§ **What you are asked to do**:
When you reach the line below that has "El mercado transaccional", start returning lines exactly, and stop after the line that has "きれいめなワンピースをスニーカーとキャップでちょっとカジュアルにはずしてみたり。"; skip the pictures.
"""
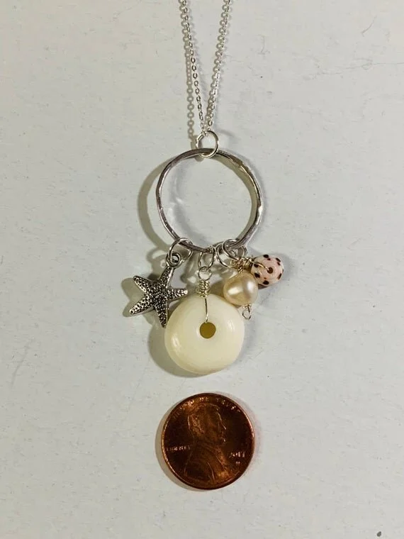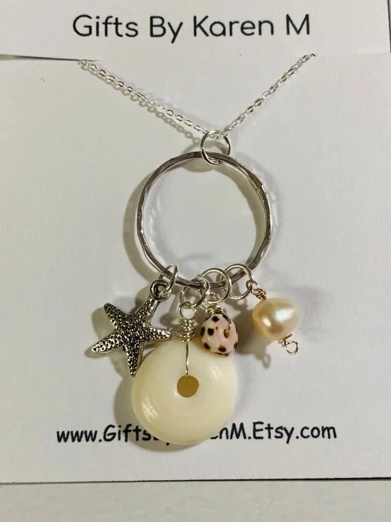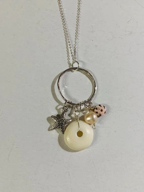 Hawaii Puka Shell Sterling Silver Hoop Necklace With Fredh Water Pearl, Shell, And Pewter Starfish Charms
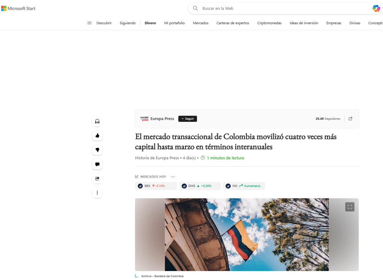 El mercado transaccional de Colombia movilizó cuatro veces más capital hasta marzo en términos interanuales
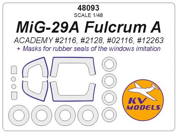 KV Decals - 1/48 Mikoyan MiG-29A Fulcrum A + wheels masks + Masks for imitation rubber seals of the windows are included for Academy kits ACA2116, ACA2128, ACA02116, ACA12263
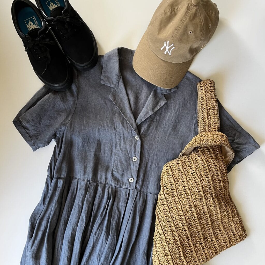きれいめなワンピースをスニーカーとキャップでちょっとカジュアルにはずしてみたり。
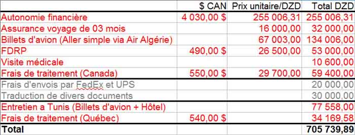 Habitués smdich Posté(e) 21 mai 2009 Habitués Posté(e) 21 mai 2009 Bonjour a tous, je crée ce poste pour aidé les futurs immigrent a ce donné une idée du budget globale a prévoir pour une immigration. J'ai bien sur pris ma propre expérience pour réaliser ce tableau, qui ne reste somme toute qu'une expérience parmi d'autre. Ce poste n'a pas était crée pour décourager quiconque mais plutôt parce qu'une bonne immigration commence par une bonne planification des le départ, pour ne pas être pris a dépourvue en bout de course, car le processus d'immigration est une course de font et pas un sprint pour nous les Algérien)Bien sur, ce budget est un minimum (ex: la somme demandé pour l'autonomie financière peut être plus élever), les sommes le taux de change pouvant fluctuer, j'ai utiliser ici le taux officielle du 21/05/09 $ CANPrix unitaire/DZDTotal DZDAutonomie financière4 030,00 $255 006,31255 006,31Assurance voyage de 03 mois16 000,0032 000,00Billets d'avion (Aller simple via Air Algérie)67 003,00134 006,00FDRP490,00 $26 500,0053 000,00Visite médicale10 600,00Frais de traitement (Canada)550,00 $29 700,0059 400,00Frais d'envois par FedEx et UPS20 000,00Traduction de divers documents30 000,00Entretien a Tunis (Billets d'avion + Hôtel)77 558,00Frais de traitement (Québec)540,00 $34 169,58Total705 739,89Je tiens à te remercier pour ton idée mais j'aimerai bien te demander de mettre en plus clair le tableau car j'ai pas réussi et à suivre ce qu'il y a écris dessus.Merci Ciao Citer
"""
§ **Response to this exercise**:
 El mercado transaccional de Colombia movilizó cuatro veces más capital hasta marzo en términos interanuales
 KV Decals - 1/48 Mikoyan MiG-29A Fulcrum A + wheels masks + Masks for imitation rubber seals of the windows are included for Academy kits ACA2116, ACA2128, ACA02116, ACA12263
きれいめなワンピースをスニーカーとキャップでちょっとカジュアルにはずしてみたり。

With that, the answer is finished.